Only the text is wanted; write out each record below exactly and exclude all pictures.

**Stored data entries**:
* * * * * * *

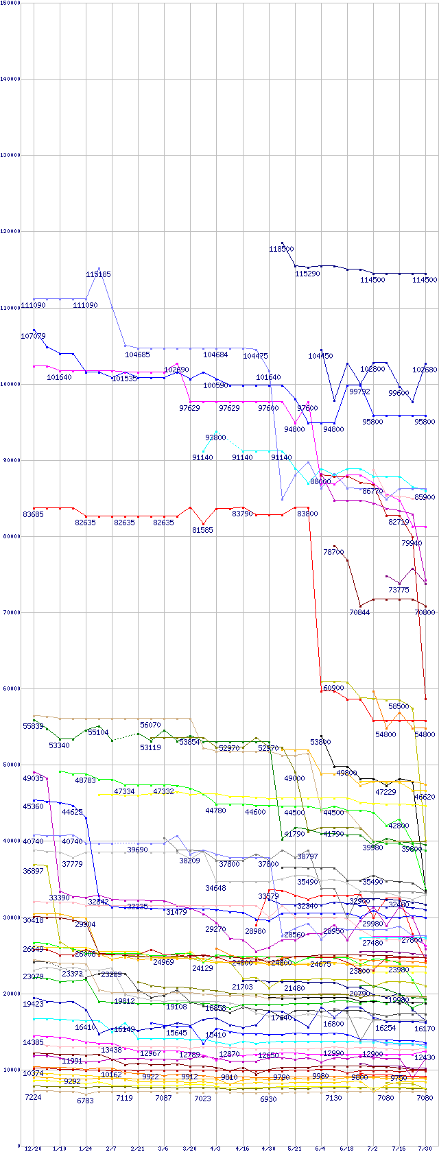 ※製品名をクリックすると個別のグラフを表示します ※点線部は販売店が確認できなかった、または調査データがないことを示します |
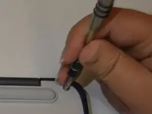 Используйте пинцет, чтобы достать два винта, скрытые резиновыми заглушками вдоль резиновой подставки устройства.
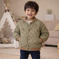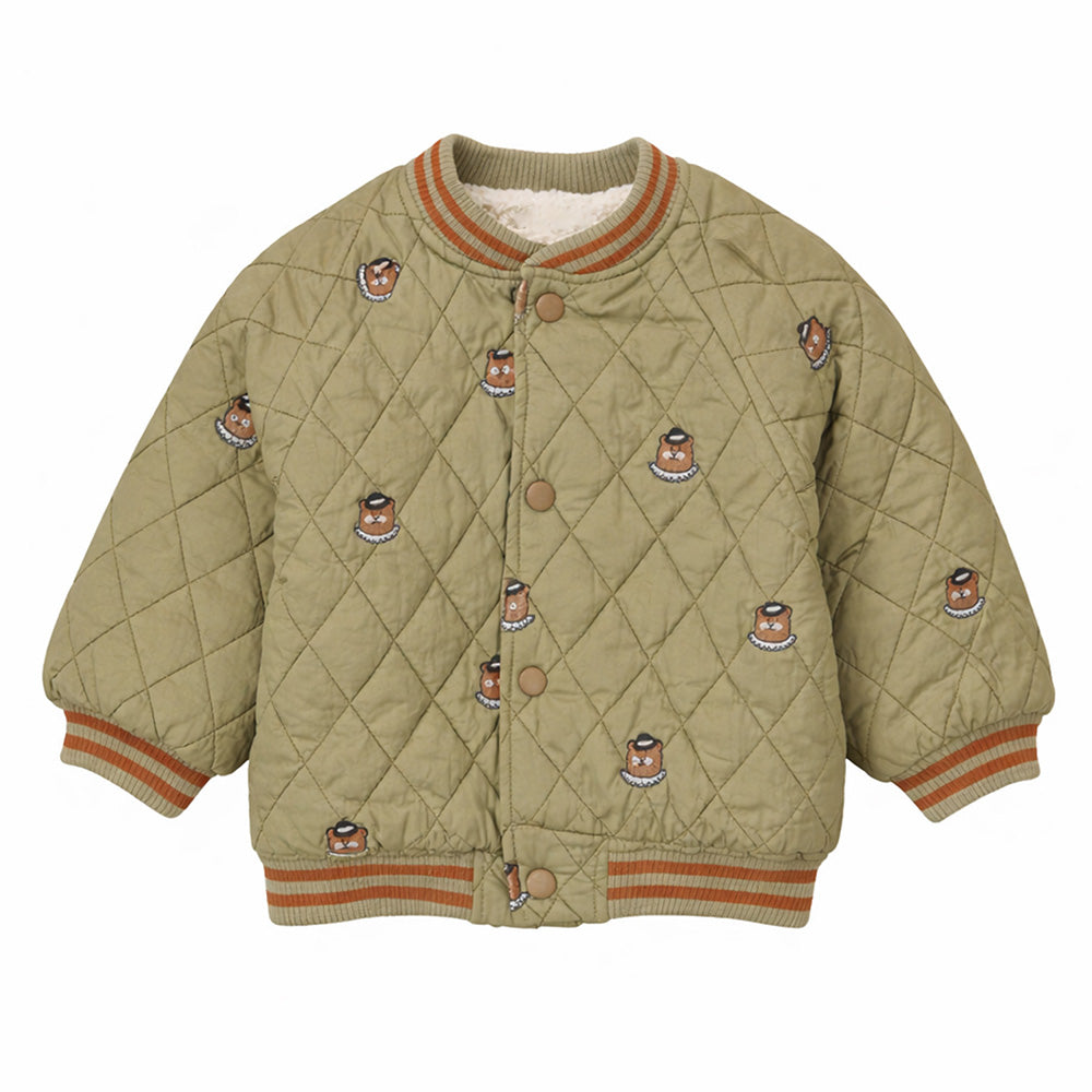Olive Brown Tiny Bear Quilted Sherpa Winter Jacket for Kids
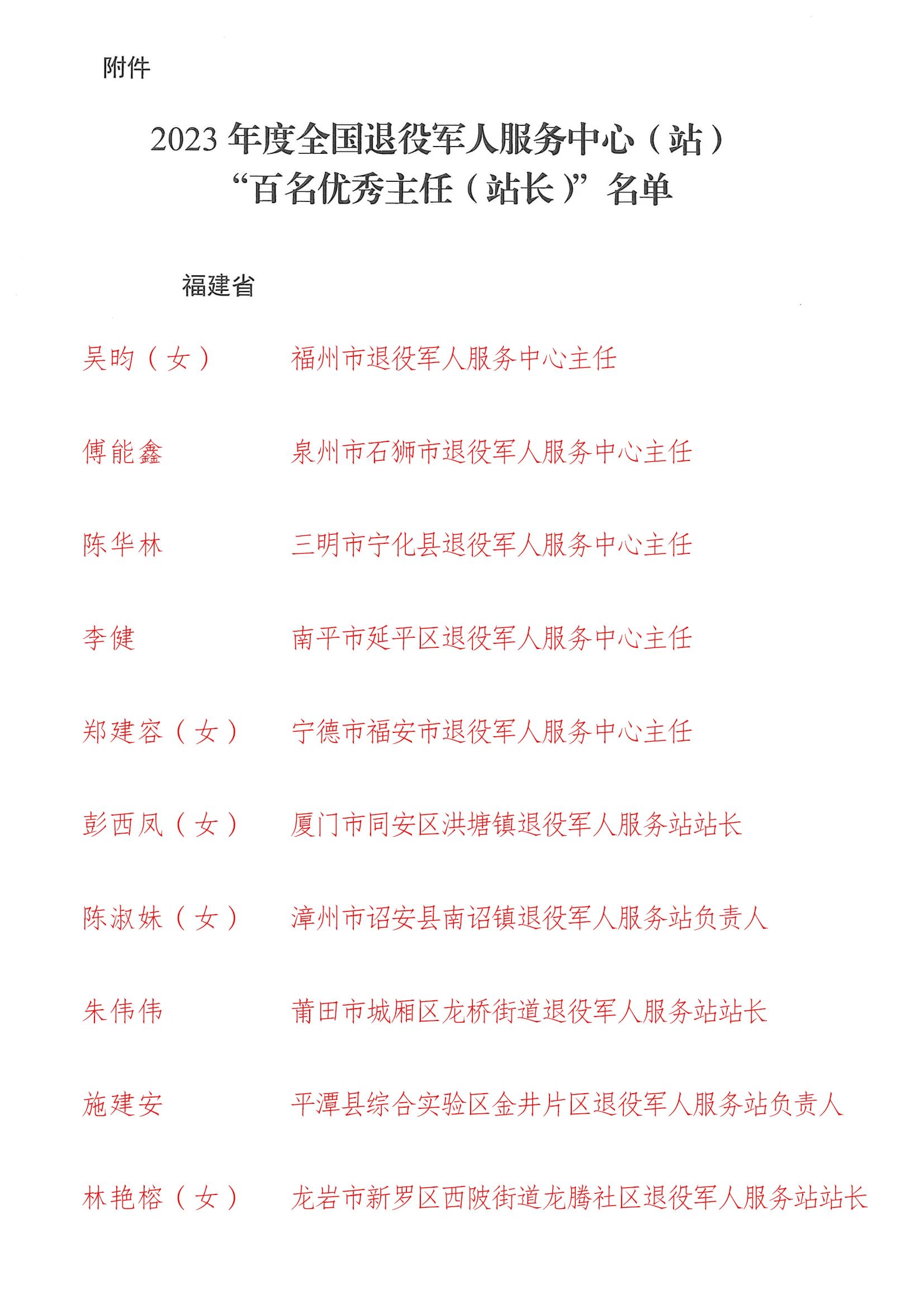 喜訊!我省10人獲評(píng)2023年度全國(guó)退役軍人服務(wù)中心(站)“百名優(yōu)秀主任(站長(zhǎng))”
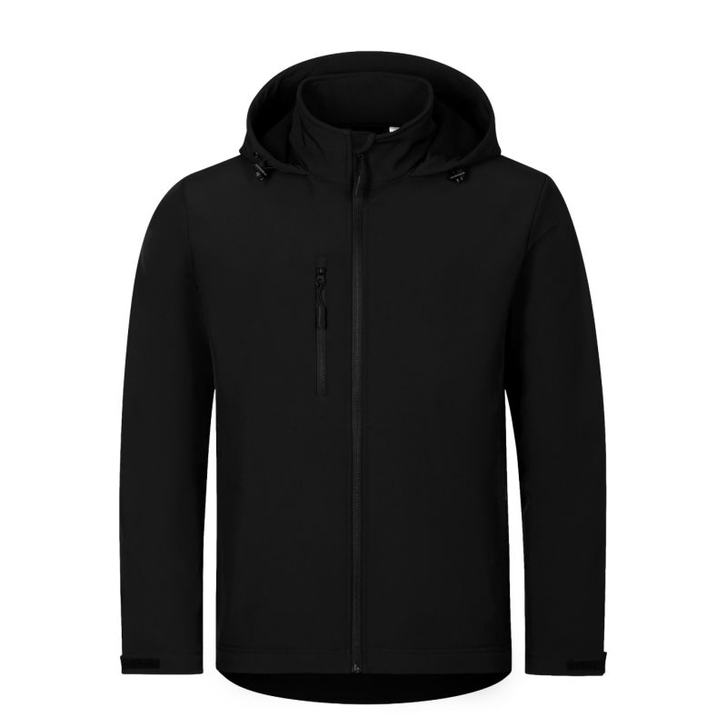 Softshell: 96% polyester, 4% elastane, 100D, 4-Way Stretch, water-repellent finish, inner side: 100% polyester - microfleece, anti-pilling finish without label - ready for rebranding, 2-layer softshell, straight cut with side panels, full-length reverse-zip front zipper with chin guard, elastic hood with drawstring and drawstring at bottom, back hem label in neutral size, adjustable sleeve hems with Velcro, pockets with reverse-spiral zipper, chest pocket, slightly extended at the back, inner fleece with anti-pilling finish
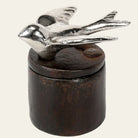 The Golondrina Box is a small, round cast iron box with a nickel plated swallow adorning the lid. The German-made of nickel plated golondrina, or swallow, sits atop a wax cast leather-lined box. In Mexican culture, golondrinas symbolize family and the important role of support and guidance. Just as the parents catch their young when they leave the nest, this box can hold onto precious moments and memories. Experience the meaningful connection between family and the beauty of nature with the Golondrina Box. Handcrafted by German artisans, this nickel plated swallow symbolizes guidance and support while providing a safe place for treasuring precious memories and keepsakes.
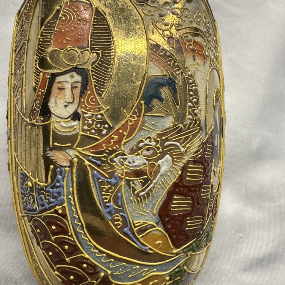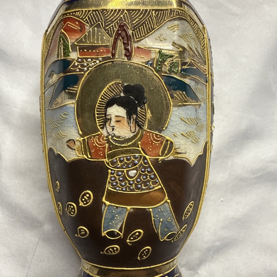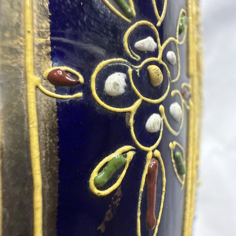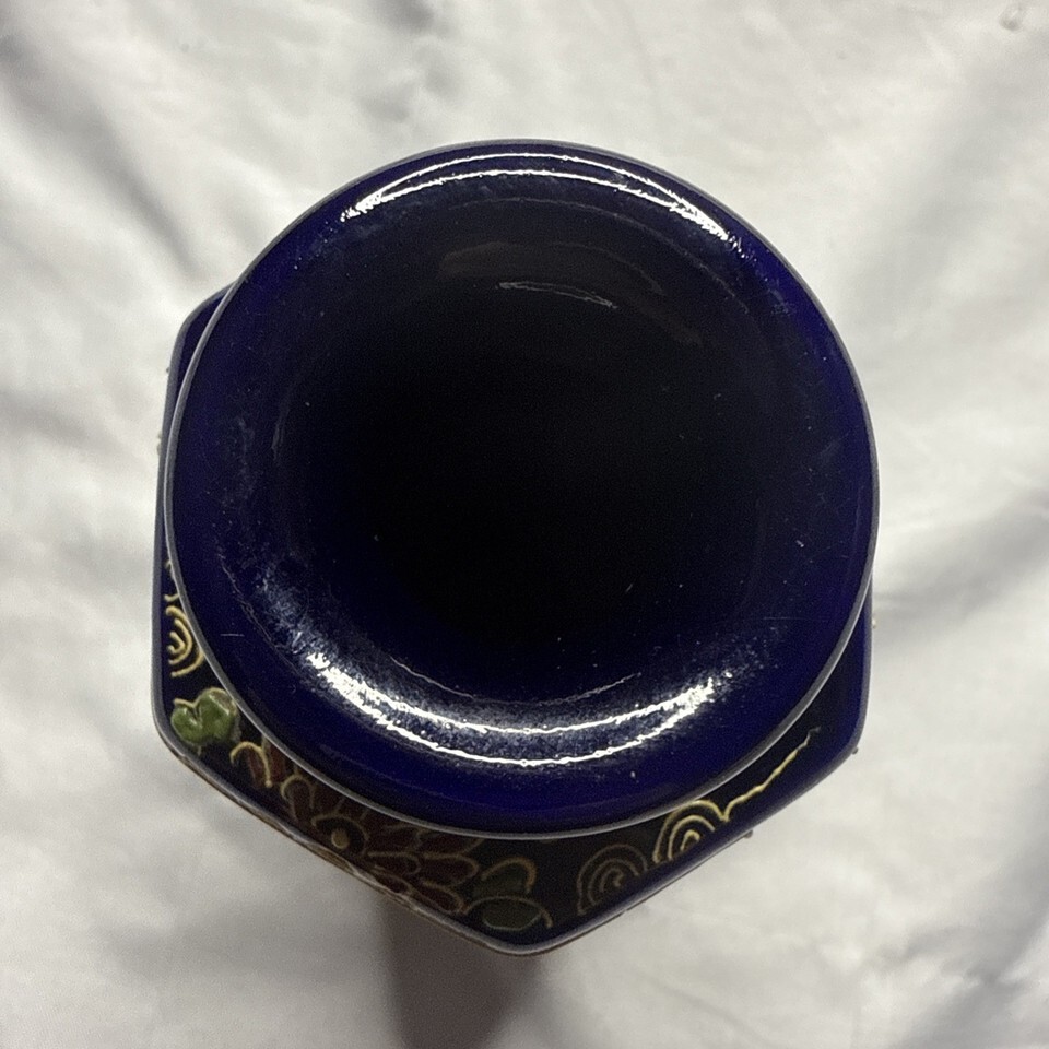 - Japanese Satsuma Style 4.75” Cobalt Blue Vase Gold Raised Textured
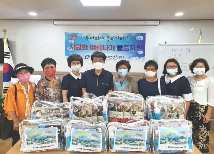 서울 광진구 군자동 주민센터와 군자동지역사회보장협의체가 지난 7월30일 지역내 홀몸노인 12가구에 시원한 여름나기 지원 물품(인견 홑이불과 쿨스카프, 간편 식료품 등)을 집으로 직접 전달했다. 사진은 전달식에서 지역사회보장협의체 위원들이 기념촬영을 하는 모습. (사진제공=광진구청)
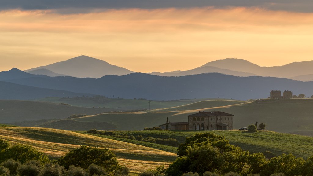 Motiv: Abendliche Hügellandschaft in der Toskana mit Landhaus und Bergpanorama.
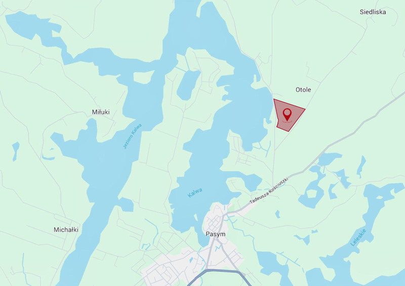 Nieruchomości położone są w gminie Pasym (powiat szczycieński, woj. warmińsko-mazurskie) w bardzo bliskiej odległości od brzegu jeziora Kalwa – jednego z największych jezior Warmii i Mazur, stanowiącego jedno z kluczowych atutów lokalizacyjnych regionu Pasymia. Procedura licytacyjna umożliwia nabycie nieruchomości w trybie sądowego przysądzenia własności, z zachowaniem pełnej transparentności oraz jasno określonego harmonogramu czynności. Dla każdej nieruchomości odbędzie się osobna licytacja komornicza.
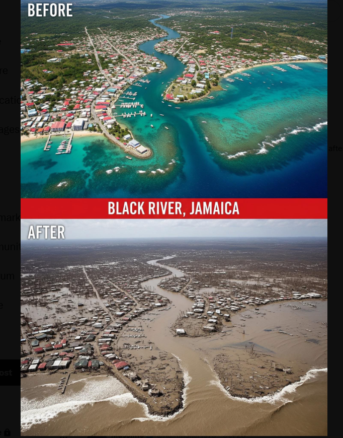 Η εικόνα πριν και μετά από τον τυφώνα στην περιοχή Black River της Τζαμάικα, αποτυπώνει το μέγεθος της καταστροφής στο νοτιοδυτικό τμήμα του νησιού που δέχτηκε κύματα άνω των 4,5 μέτρων. Η πόλη χρονολογείται από τον 17ο αιώνα και είχε εξελιχθεί σε κέντρο περιβαλλοντικού τουρισμού.
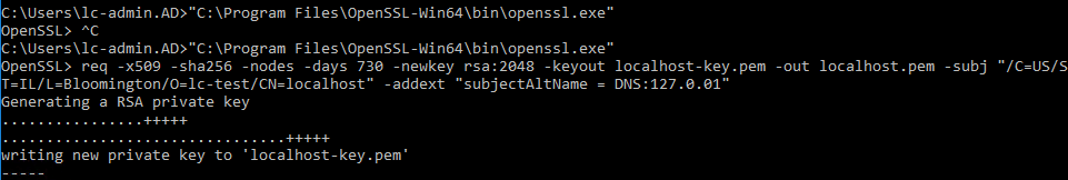 req -x509 -sha256 -nodes -days 730 -newkey rsa:2048 -keyout localhost-key.pem -out localhost.pem -subj "/C=US/ST=IL/L=Bloomington/O=lc-test/CN=10.0.0.6"
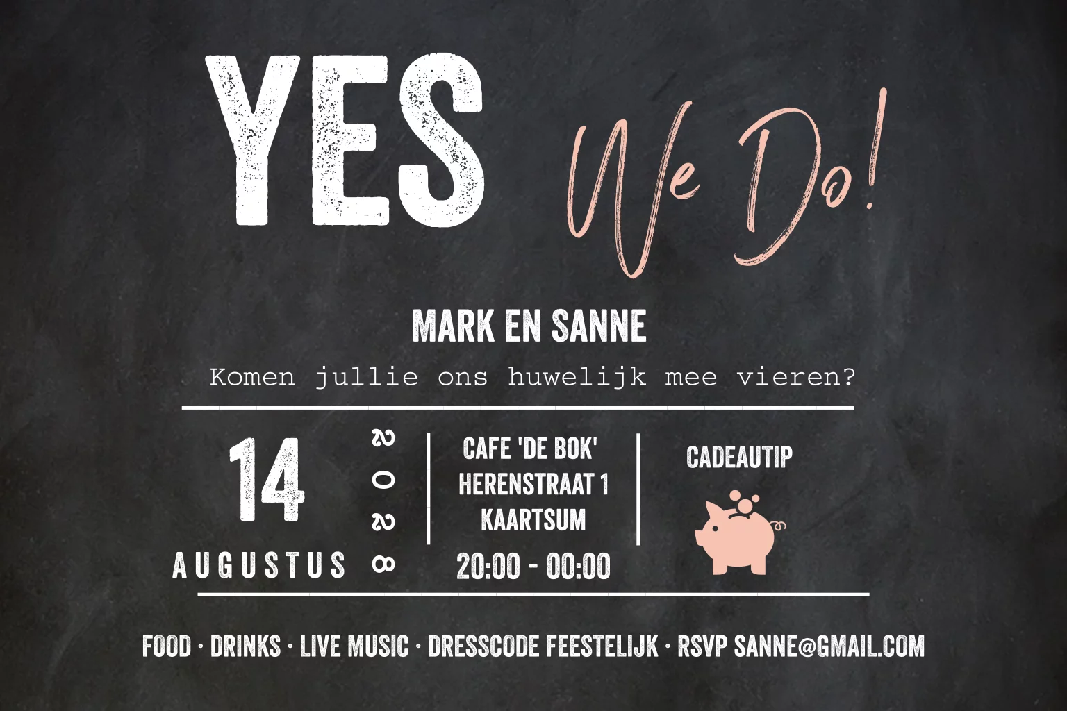 Stoere trouwkaart met leuke teksten YES WE DO op zwarte krijtbord achtergrond. (9922)
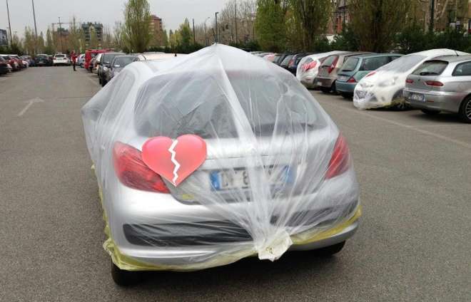 TORINO – Fiat impacchetta le auto straniere dei suoi impiegati. Un telo di plastica, un fiocco e una scritta: “Vederti con un’altra ci ha spezzato il cuore… Ma nonostante ciò continuiamo a pensare a te”. La strana dichiarazione d’amore è apparsa sulle macchine dei dipendenti Fiat dello stabilimento di Mirafiori, Torino. I proprietari se le sono ritrovate così all’uscita dal lavoro.
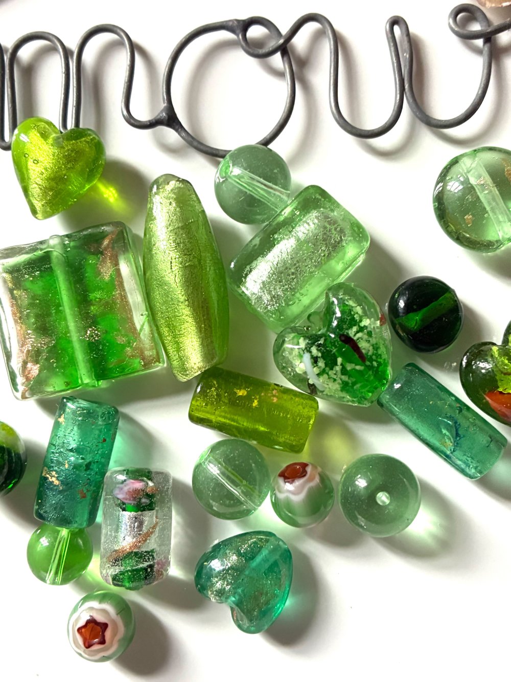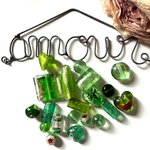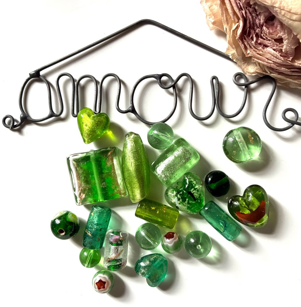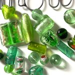 Ce lot est composé de 20 perles en verre dans les différents tons de vert : coeur, rond, tube, pour des créations originales.

* * * * * * *

**TASK RESPONSE**:
 ※製品名をクリックすると個別のグラフを表示します ※点線部は販売店が確認できなかった、または調査データがないことを示します |
 Используйте пинцет, чтобы достать два винта, скрытые резиновыми заглушками вдоль резиновой подставки устройства.
Olive Brown Tiny Bear Quilted Sherpa Winter Jacket for Kids
 喜訊!我省10人獲評(píng)2023年度全國(guó)退役軍人服務(wù)中心(站)“百名優(yōu)秀主任(站長(zhǎng))”
 Softshell: 96% polyester, 4% elastane, 100D, 4-Way Stretch, water-repellent finish, inner side: 100% polyester - microfleece, anti-pilling finish without label - ready for rebranding, 2-layer softshell, straight cut with side panels, full-length reverse-zip front zipper with chin guard, elastic hood with drawstring and drawstring at bottom, back hem label in neutral size, adjustable sleeve hems with Velcro, pockets with reverse-spiral zipper, chest pocket, slightly extended at the back, inner fleece with anti-pilling finish
 The Golondrina Box is a small, round cast iron box with a nickel plated swallow adorning the lid. The German-made of nickel plated golondrina, or swallow, sits atop a wax cast leather-lined box. In Mexican culture, golondrinas symbolize family and the important role of support and guidance. Just as the parents catch their young when they leave the nest, this box can hold onto precious moments and memories. Experience the meaningful connection between family and the beauty of nature with the Golondrina Box. Handcrafted by German artisans, this nickel plated swallow symbolizes guidance and support while providing a safe place for treasuring precious memories and keepsakes.
 - Japanese Satsuma Style 4.75” Cobalt Blue Vase Gold Raised Textured
 서울 광진구 군자동 주민센터와 군자동지역사회보장협의체가 지난 7월30일 지역내 홀몸노인 12가구에 시원한 여름나기 지원 물품(인견 홑이불과 쿨스카프, 간편 식료품 등)을 집으로 직접 전달했다. 사진은 전달식에서 지역사회보장협의체 위원들이 기념촬영을 하는 모습. (사진제공=광진구청)
 Motiv: Abendliche Hügellandschaft in der Toskana mit Landhaus und Bergpanorama.
 Nieruchomości położone są w gminie Pasym (powiat szczycieński, woj. warmińsko-mazurskie) w bardzo bliskiej odległości od brzegu jeziora Kalwa – jednego z największych jezior Warmii i Mazur, stanowiącego jedno z kluczowych atutów lokalizacyjnych regionu Pasymia. Procedura licytacyjna umożliwia nabycie nieruchomości w trybie sądowego przysądzenia własności, z zachowaniem pełnej transparentności oraz jasno określonego harmonogramu czynności. Dla każdej nieruchomości odbędzie się osobna licytacja komornicza.
 Η εικόνα πριν και μετά από τον τυφώνα στην περιοχή Black River της Τζαμάικα, αποτυπώνει το μέγεθος της καταστροφής στο νοτιοδυτικό τμήμα του νησιού που δέχτηκε κύματα άνω των 4,5 μέτρων. Η πόλη χρονολογείται από τον 17ο αιώνα και είχε εξελιχθεί σε κέντρο περιβαλλοντικού τουρισμού.
 req -x509 -sha256 -nodes -days 730 -newkey rsa:2048 -keyout localhost-key.pem -out localhost.pem -subj "/C=US/ST=IL/L=Bloomington/O=lc-test/CN=10.0.0.6"
 Stoere trouwkaart met leuke teksten YES WE DO op zwarte krijtbord achtergrond. (9922)
 TORINO – Fiat impacchetta le auto straniere dei suoi impiegati. Un telo di plastica, un fiocco e una scritta: “Vederti con un’altra ci ha spezzato il cuore… Ma nonostante ciò continuiamo a pensare a te”. La strana dichiarazione d’amore è apparsa sulle macchine dei dipendenti Fiat dello stabilimento di Mirafiori, Torino. I proprietari se le sono ritrovate così all’uscita dal lavoro.
 Ce lot est composé de 20 perles en verre dans les différents tons de vert : coeur, rond, tube, pour des créations originales.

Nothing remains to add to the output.